After graduating Phi Beta Kappa with a social work degree from the University of Kentucky, Ritchie worked at the Henry Street Settlement on the Lower East Side of New York City, where she taught songs and games to the children. Soon she was performing in homes and schoolrooms, and folklorist Alan Lomax recorded her for the Library of Congress folksong archives. Her first book, Singing Family of the Cumberlands, was published in 1955 and republished in 1988. She was an original director of the Newport Folk Festival and served a three-year term on the folklore panel of the National Endowment for the Arts.
Despite her impeccable folk roots and scholarly reputation, Ritchie was anything but a purist. She recorded with pedal steel guitar and amplified instruments, shocking some of her fans. “You sing the old songs, and they sound good with dulcimer or even unaccompanied, the way they used to be sung,” she once told Frets magazine. “But they sound equally good with modern instruments. I believe in using what’s around you at the time.”
Ritchie also wrote a number of songs, some of which address social concerns, such as “Black Waters,” about the impact of strip mining on her home state.
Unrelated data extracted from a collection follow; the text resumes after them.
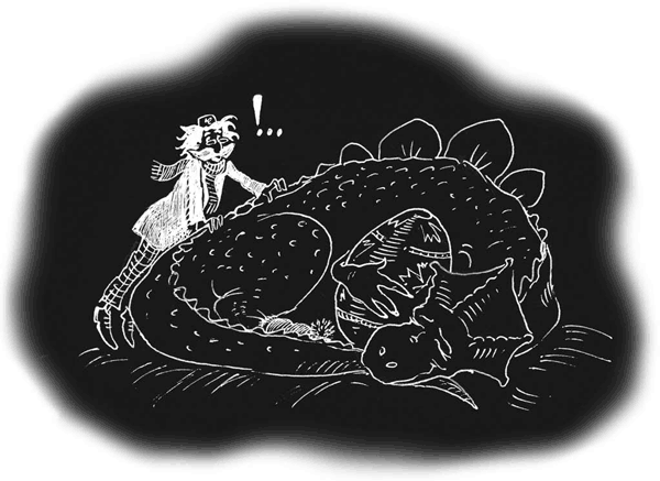 Та результати його «наукового обмацування» свідчили самі за себе. По-перше, знайдене «щось» мало досить великі задні лапи, взуті в теплі домашні капці. По-друге, його хвіст був довгий і досить вгодований. По-третє, по спині й хвосту тягнувся роговий гребінь, подібний до гребеня ігуан – сучасних спадкоємців давніх динозаврів. По-четверте: «щось» мало невелику як на таке тіло голову. Ну, і по-п’яте, воно цупкими лапками притискало до грудей округлої форми предмет, дуже схожий на велике яйце.
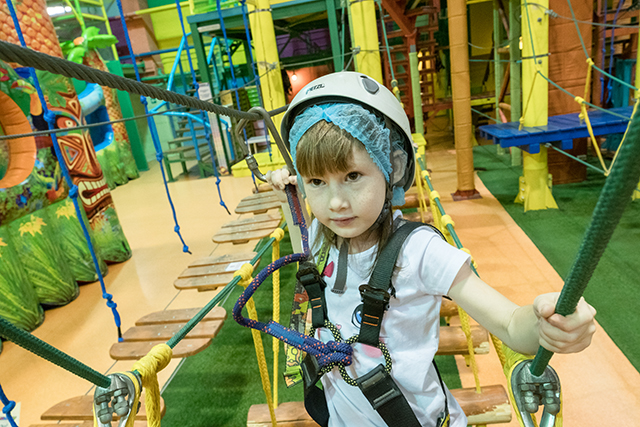 За настоящим детским экстримом стоит прийти в веревочный парк. Он имеет три уровня сложности в зависимости от возраста ребенка. Зеленая трасса - от 4 лет и 90 см, синяя и красная - от 135 см и 145 см соответственно. Если вам захочется разделить захватывающие ощущения вместе с ребенком - вы можете пройти трассу вместе с ним. Конечно, после заполнения обязательной анкеты и прохождения инструктажа со страховочными элементами, но поверьте - оно того стоит. Стоимость зеленой трассы - 150 рублей, синей и красной - по 290. В выходные цена всех уровней поднимается всего на 50 рублей.
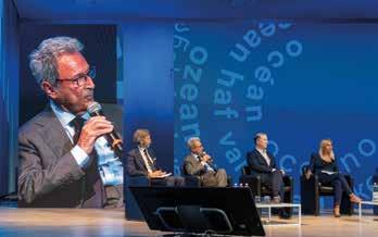 Below, bottom, Riccardo Bonadeo, President of the One Ocean Foundation, with Marco Tronchetti Provera, Together with the partners he intends making this an annual event so that the Blue Economy summit can open up a new way forward. Top, right, Giovanna Vitelli among the speakers.
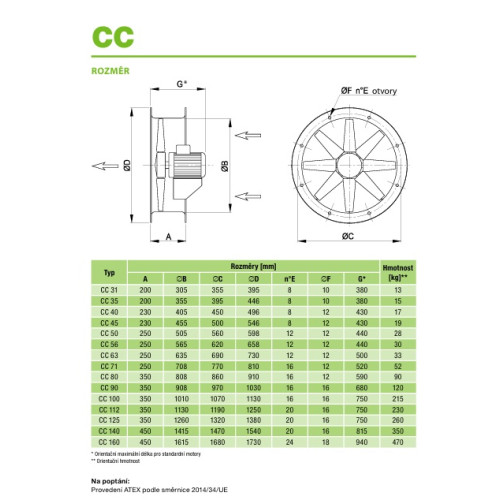 • Krátké provedení - Ventilátory CC jsou standardně v krátkém provedení (snadná doprava a instalace)
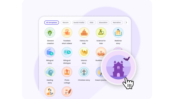 Choose from hundreds of smart templates and visual styles, or select a personalized AI avatar to lead your narrative.
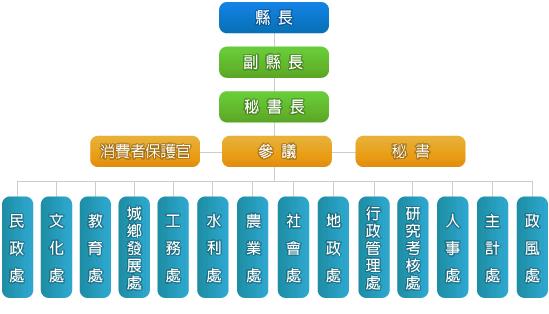 本府置秘书长一人,为幕僚长,承县长之命,处理县政。置参议、秘书、消费者保护官,受秘书长指挥、监督,掌理机要、动员、协调、核稿、消费者保护争议调解等事项。

“I’ve written some healing songs too,” she told NEA interviewer Mary K. Lee. “One is called 'Now Is the Cool of the Day,' which is my favorite of my written songs right now. It’s just about God walking in his garden in the cool of the day and how we should be good stewards of the Earth, keep the waters clean, keep the grasses green and so on. Churches use it, choruses, choirs; it’s played at weddings. It’s got a big audience, that one.”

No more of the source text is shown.